Excerpts from a dataset

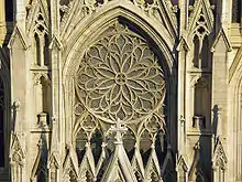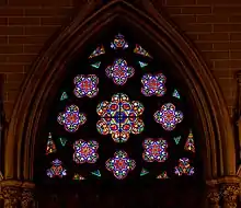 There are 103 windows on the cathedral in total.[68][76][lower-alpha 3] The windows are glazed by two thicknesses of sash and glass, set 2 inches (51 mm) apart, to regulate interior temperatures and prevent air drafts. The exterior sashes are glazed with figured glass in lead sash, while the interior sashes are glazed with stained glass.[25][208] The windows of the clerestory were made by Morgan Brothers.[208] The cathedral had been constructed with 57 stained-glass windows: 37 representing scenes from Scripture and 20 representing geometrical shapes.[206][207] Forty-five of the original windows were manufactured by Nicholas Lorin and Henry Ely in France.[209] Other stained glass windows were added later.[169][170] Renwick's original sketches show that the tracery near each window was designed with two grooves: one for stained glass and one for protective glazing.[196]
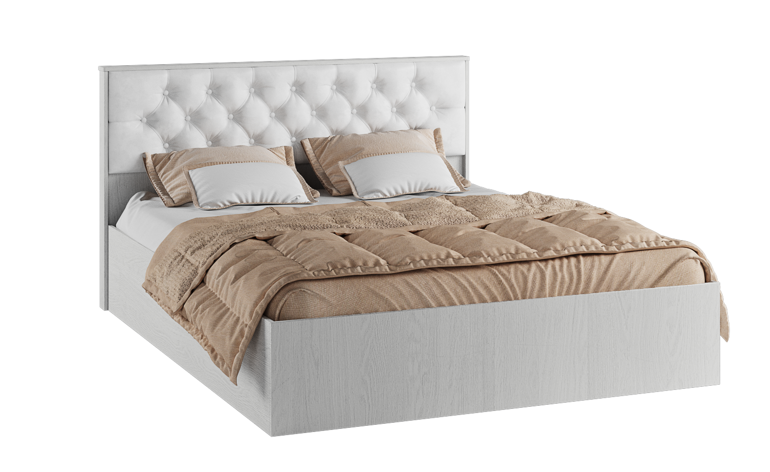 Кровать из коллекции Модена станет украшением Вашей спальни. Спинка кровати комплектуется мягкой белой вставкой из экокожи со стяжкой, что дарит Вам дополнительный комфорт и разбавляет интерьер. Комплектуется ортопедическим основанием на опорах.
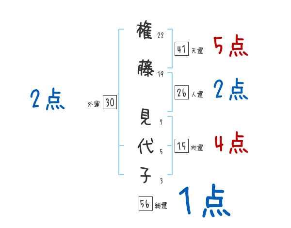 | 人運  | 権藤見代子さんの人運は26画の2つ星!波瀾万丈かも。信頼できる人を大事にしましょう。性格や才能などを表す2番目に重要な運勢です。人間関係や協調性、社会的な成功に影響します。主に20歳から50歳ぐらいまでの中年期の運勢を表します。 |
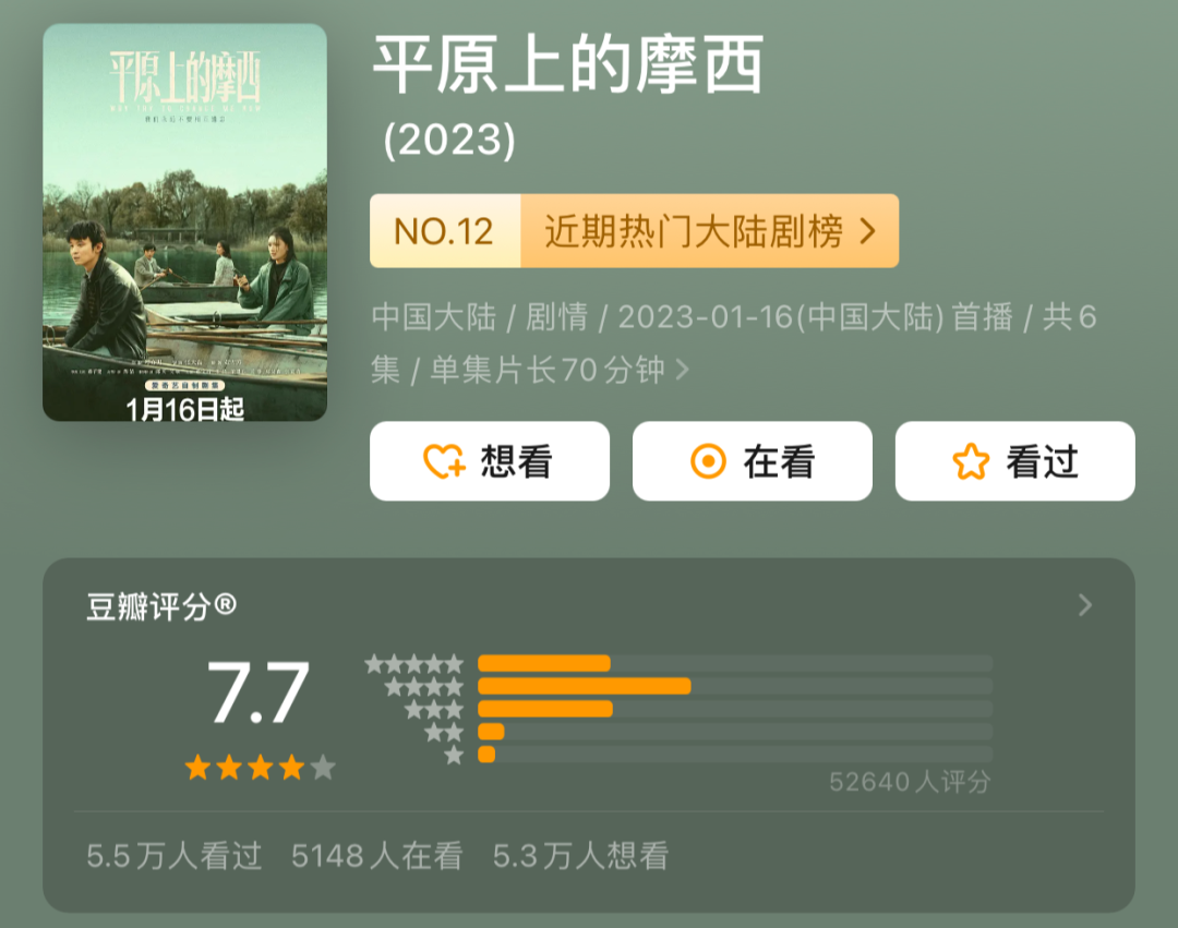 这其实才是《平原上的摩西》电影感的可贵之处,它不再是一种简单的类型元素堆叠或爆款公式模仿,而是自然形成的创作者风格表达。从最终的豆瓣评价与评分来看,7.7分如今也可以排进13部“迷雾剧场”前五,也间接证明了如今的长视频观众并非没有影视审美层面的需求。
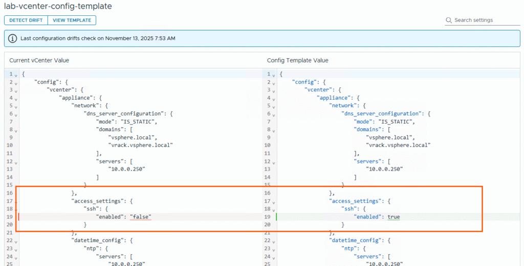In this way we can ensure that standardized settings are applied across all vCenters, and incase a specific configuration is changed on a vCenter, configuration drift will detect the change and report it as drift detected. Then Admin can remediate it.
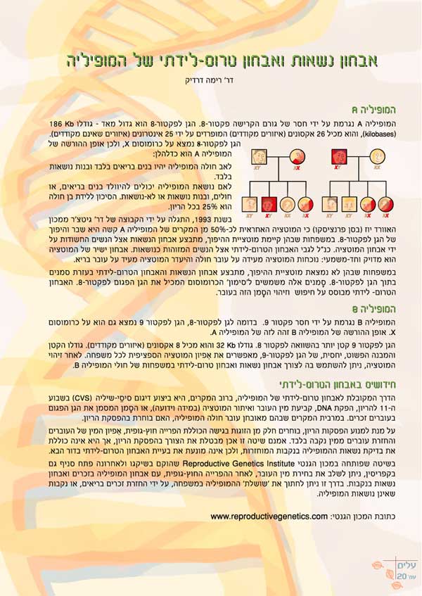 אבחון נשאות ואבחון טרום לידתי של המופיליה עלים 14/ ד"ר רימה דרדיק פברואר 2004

## Problem description
Give every entry above again, exactly, and keep all pictures out of it.

## Problem solution
 There are 103 windows on the cathedral in total.[68][76][lower-alpha 3] The windows are glazed by two thicknesses of sash and glass, set 2 inches (51 mm) apart, to regulate interior temperatures and prevent air drafts. The exterior sashes are glazed with figured glass in lead sash, while the interior sashes are glazed with stained glass.[25][208] The windows of the clerestory were made by Morgan Brothers.[208] The cathedral had been constructed with 57 stained-glass windows: 37 representing scenes from Scripture and 20 representing geometrical shapes.[206][207] Forty-five of the original windows were manufactured by Nicholas Lorin and Henry Ely in France.[209] Other stained glass windows were added later.[169][170] Renwick's original sketches show that the tracery near each window was designed with two grooves: one for stained glass and one for protective glazing.[196]
 Кровать из коллекции Модена станет украшением Вашей спальни. Спинка кровати комплектуется мягкой белой вставкой из экокожи со стяжкой, что дарит Вам дополнительный комфорт и разбавляет интерьер. Комплектуется ортопедическим основанием на опорах.
 | 人運  | 権藤見代子さんの人運は26画の2つ星!波瀾万丈かも。信頼できる人を大事にしましょう。性格や才能などを表す2番目に重要な運勢です。人間関係や協調性、社会的な成功に影響します。主に20歳から50歳ぐらいまでの中年期の運勢を表します。 |
 这其实才是《平原上的摩西》电影感的可贵之处,它不再是一种简单的类型元素堆叠或爆款公式模仿,而是自然形成的创作者风格表达。从最终的豆瓣评价与评分来看,7.7分如今也可以排进13部“迷雾剧场”前五,也间接证明了如今的长视频观众并非没有影视审美层面的需求。
In this way we can ensure that standardized settings are applied across all vCenters, and incase a specific configuration is changed on a vCenter, configuration drift will detect the change and report it as drift detected. Then Admin can remediate it.
 אבחון נשאות ואבחון טרום לידתי של המופיליה עלים 14/ ד"ר רימה דרדיק פברואר 2004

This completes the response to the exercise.